Please restate, word for word, the lines below that begin at the one with "Desks are available" and end at the one with "여아 데님 재킷, 세련된". Leave out all other lines.

EXCERPTED RECORDS:

::::

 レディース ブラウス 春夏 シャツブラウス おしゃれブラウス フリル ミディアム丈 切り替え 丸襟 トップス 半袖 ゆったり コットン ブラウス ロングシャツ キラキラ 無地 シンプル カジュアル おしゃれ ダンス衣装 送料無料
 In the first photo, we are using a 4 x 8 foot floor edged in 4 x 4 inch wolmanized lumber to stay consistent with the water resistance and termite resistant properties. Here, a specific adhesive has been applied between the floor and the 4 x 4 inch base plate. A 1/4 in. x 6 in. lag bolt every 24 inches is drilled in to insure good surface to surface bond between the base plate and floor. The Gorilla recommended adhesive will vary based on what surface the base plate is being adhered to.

::::

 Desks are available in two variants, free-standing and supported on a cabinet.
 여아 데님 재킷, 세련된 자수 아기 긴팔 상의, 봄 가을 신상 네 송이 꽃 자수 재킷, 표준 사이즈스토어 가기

::::

OUTPUT BELOW:
 Desks are available in two variants, free-standing and supported on a cabinet.
 여아 데님 재킷, 세련된 자수 아기 긴팔 상의, 봄 가을 신상 네 송이 꽃 자수 재킷, 표준 사이즈스토어 가기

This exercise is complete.